Yeah, it’s brutal. And you barely move off the mat. I love it, but I’m sore now. Hitting 20k steps for the day by 7pm and every muscle aches
. Got yoga in the morning.
Just starting to get into running, age and the amount I smoke doesn’t help and neither do some of the brutal hills around here but loving it
Hard 3-miler yesterday and medium 5 miles on the treadmill tonight. Gonna just do an easy few more miles tomorrow and Friday. Then it’s June’s half marathon on Saturday. I’m excited! I need to focus on sleep and eating right the next couple nights.![]()
Good luck!! That’s awesome!! Do you bring your own snacks (aka race nutrition…but I like to think of them as treats!!)?? What’s your pre-race meal??
Today and tommorow I’ll just eat fairly normal (2400 calories a day is my normal goal) but it will be a little more carb based. Day of race I usually just have one piece of dry toast in the morning and a small cup of coffee.
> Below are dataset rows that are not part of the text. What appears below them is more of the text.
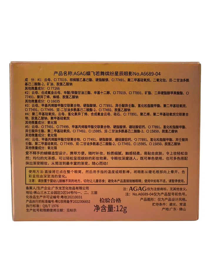 - Paleta 6 senčil za oči v obliki metulja ponuja široko paleto barv, ki se enostavno mešajo in omogočajo ustvarjanje subtilnih ali intenzivnih videzov. S kakovostnimi formulami so senčila dolgo obstojna, enostavna za nanos in popolnoma poudarijo pogled.
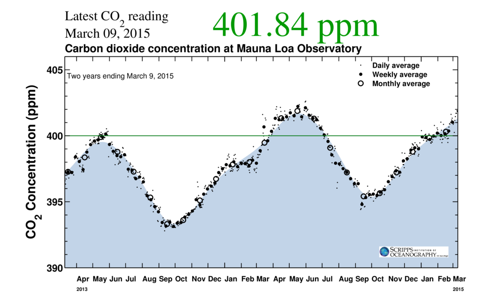 (CO2 hit above 401.84 parts per million on March 9, 2015, and above 403 parts per million on March 10 — levels that test the upper boundary of CO2 last seen during the Pliocene and entering a range more similar to the Miocene. Image source: The Keeling Curve.)
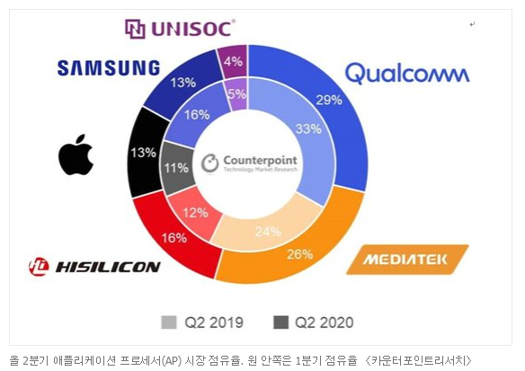 [경제] AP시장의 화웨이, 그리고 반사이익들hongstein (69)adminin STEEM_UP_스팀업 • 6 years ago 지난 15일 화웨이에 대한 제재가 본격화 되면서 화웨이의 공백이 생겼습니다. 우리 입장에서는 분명 우리 나라 기업이 잘 되리라 예상하지만, 해외 연구조직에서 나타나는 발표는 다르네요. 화웨이의 공백은 애플, 하이실리콘, 미디어텍으로 분산되었습니다. 아쉬운 것은 삼성의 지분이 3%가량 줄어들었다는 데 있죠. #ap #qualcomm #samsung #unisoc #mediatek
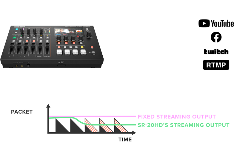 SR-20HD独自のアダプティブ・ビットレート機能は、ネットワークの接続状況をバックグラウンドで常時監視し、出力されるストリーミング・データを自動的に調整して、ライブ配信の中断を低減します。
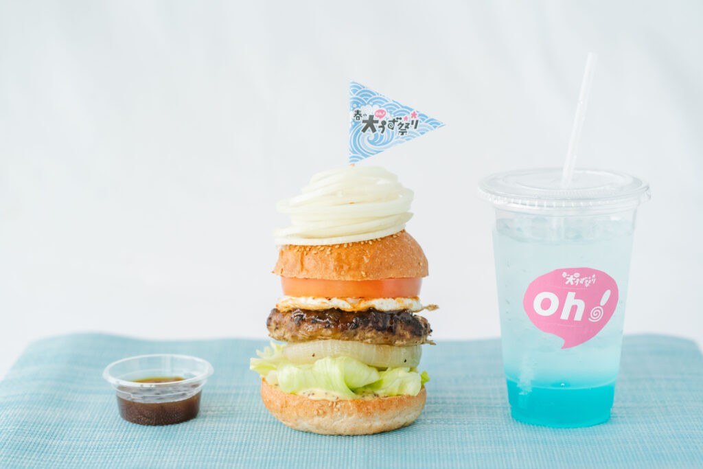 グリルオニオンや合い挽きパティの満足感たっぷりのあわじ島バーガーに、期間限定!そのまま食べてもおいしい淡路島の新玉スライスを大うず風にのっけました!付属ソースでセットサラダとして楽しめます!通常の約2倍のうずしおブルーソーダもセット!
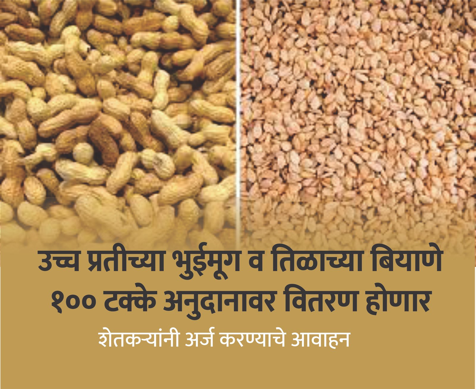 उच्च प्रतीच्या बियाण्यांचा साठा जिल्ह्यांत उपलब्ध असून, अभियानांतर्गत रब्बी हंगाम 2025 साठी भुईमूग पिकासाठी हेक्टरी 150 किलो (रक्कम रु.114 प्रती किलो) शेंगा व तीळासाठी हेक्टरी 2.5 किलो (रक्कम रुपये 197 प्रती किलो) प्रमाणित बियाणे केंद्र शासनाने विडकेलेल्या जिल्ह्यांना 100 टक्के अनुदानावर वितरीत करण्यात येणार आहेत. यामध्ये भुईमूग पिकाचे 100 टक्के अनुदानावर प्रमाणित बियाण्यांचा लाभ नाशिक, धुळे, अहिल्यानगर, पुणे सातारा, सांगली, कोल्हापूर, छत्रपती संभजीनगर व अकोला या 9 जिल्ह्यातील शेतकऱ्यांना द्यावयाचा आहे. तसेच तीळ पिकाचे 100 टक्के अनुदानावर प्रमाणित बियाण्यांचा लाभ जळगाव, बीड, लातूर व बुलढाणा या 4 जिल्हयातील शेतकऱ्यांना द्यावयाचा आहे
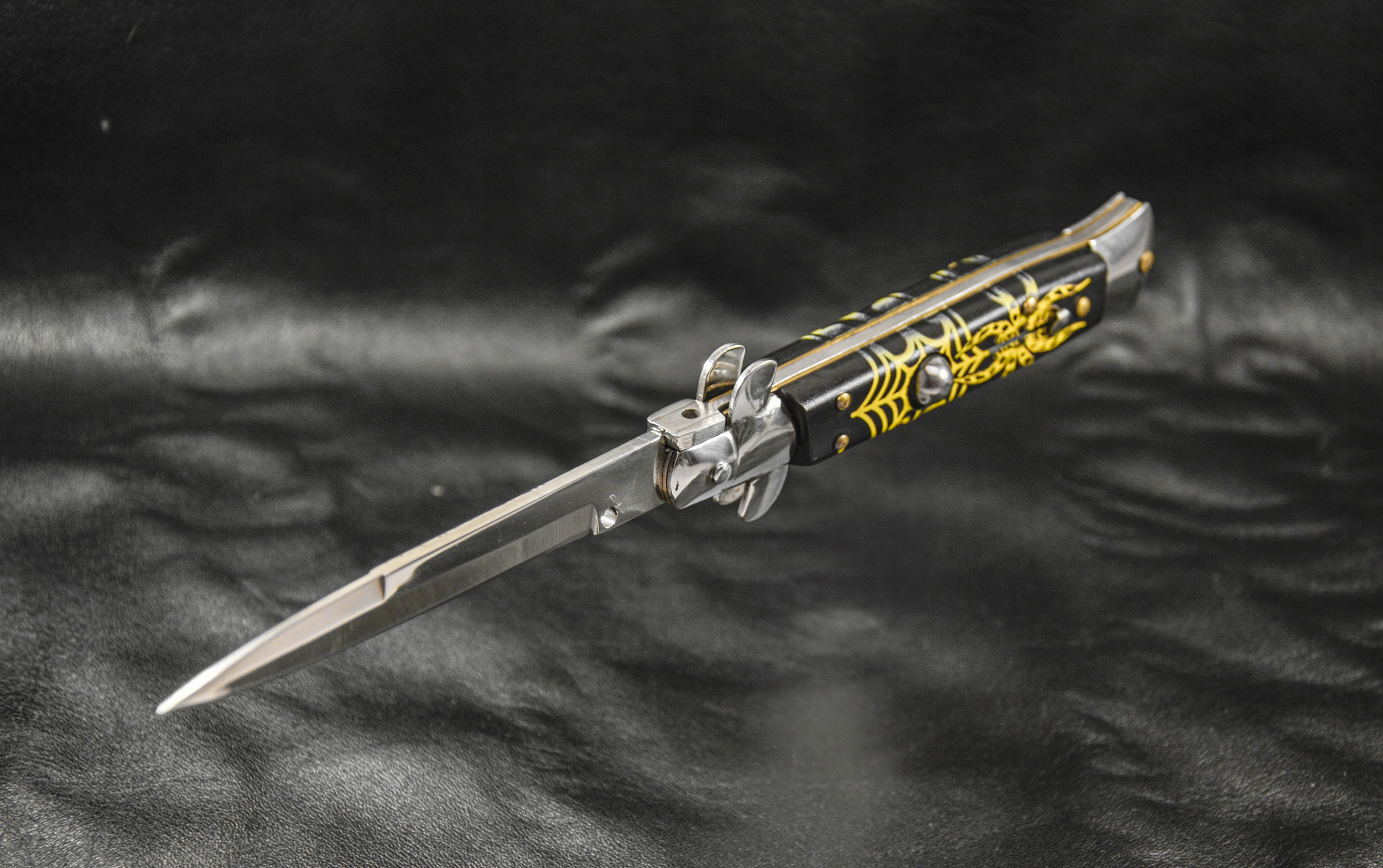 - Сильний механізм пружини дозволяє миттєво відкрити лезо, це ключовий елемент цього ножа. Один з популярних і ефективних пружинних механізмів, що використовуються в цьому італійському ножі, - це система під назвою "стилет" або "стилеттон". Ця весна розгортається навколо осі і відповідає за натягування та випуск енергії, необхідної для швидкого відкриття леза. Коли ви натискаєте спеціальну кнопку на ручці ножа, пружина вивільняється, що викликає раптове розширення леза. Ця система забезпечує миттєве відкриття ножа одним ходом.
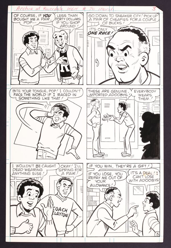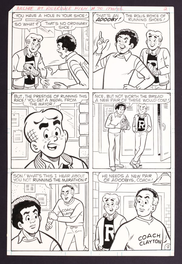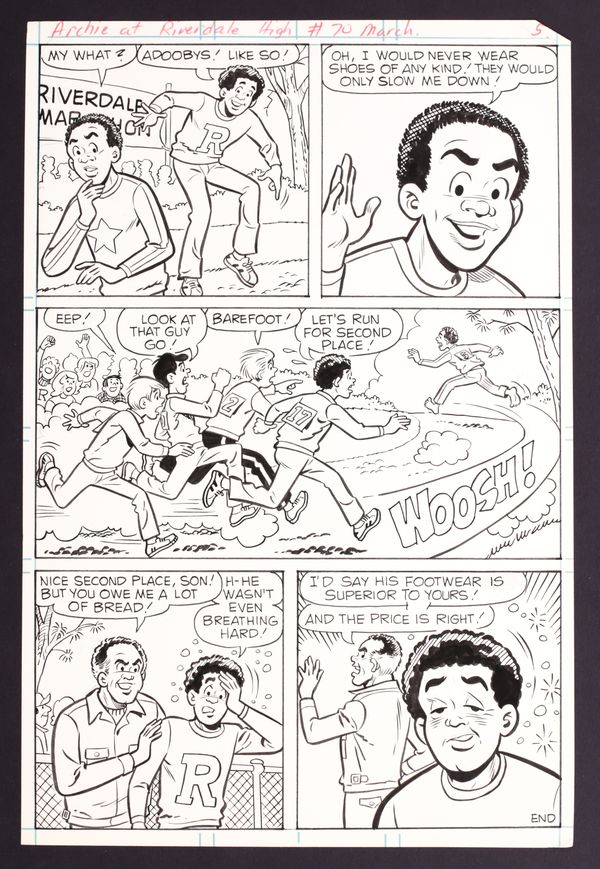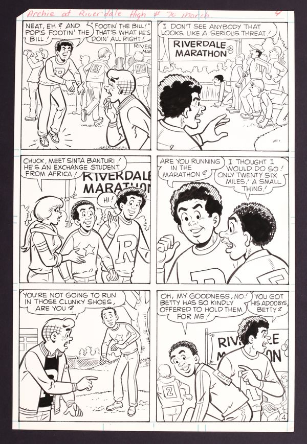 Artist(s) uncredited. An unexpected twist punctuates this charming tale about Archie trying to help Chuck overcome a footwear foible in order to win the Riverdale Marathon! Pencil and ink on 5 sheets of comic art board, each measuring 10 1/2" x 15 3/4". Note: The bottom two panels of the first page are added in with tape on the reverse.

I’ve found I just don’t like a lot of food in me. I’m generally a nervous person anyway so a full stomach doesn’t help with my normal butterflies!
This race has huge community support with lots of people giving out food so I’ll probably have a couple oranges and Jolly Ranchers in addition to the normal water and gatorade stations.![]()
Holy moly did 30min legs then 45min run/walk at 2min intervals. Still struggling with running for longer periods. Work in progress.
Used runkeeper and youtube run mix
You’re flyin’ on your run intervals!
Thanks @Gorden doesnt feel like it, well it does in my lungs lol i think doing my 30min treadmill intervals has helped immensely
Team Brooks here with two pairs of shoes.
One pair with support for regular runs on pavements and a Gore-Tex protected pair for running in the fields.
I have to be the counterweight to the ASICS faction.![]()
My yearly 6.5 k race is next Tuesday. I have been running up to 10 k during all seasons to stay fit and got even a little bit better. I hope the weather will be nice.![]()
I am Team Brooks also! Actually, I think I’ve been Team Everything at some point. I still use multiple brands/styles. I think it’s good to rotate, works different muscles and makes my favorite pair feel even more oh so comfy on race day!![]()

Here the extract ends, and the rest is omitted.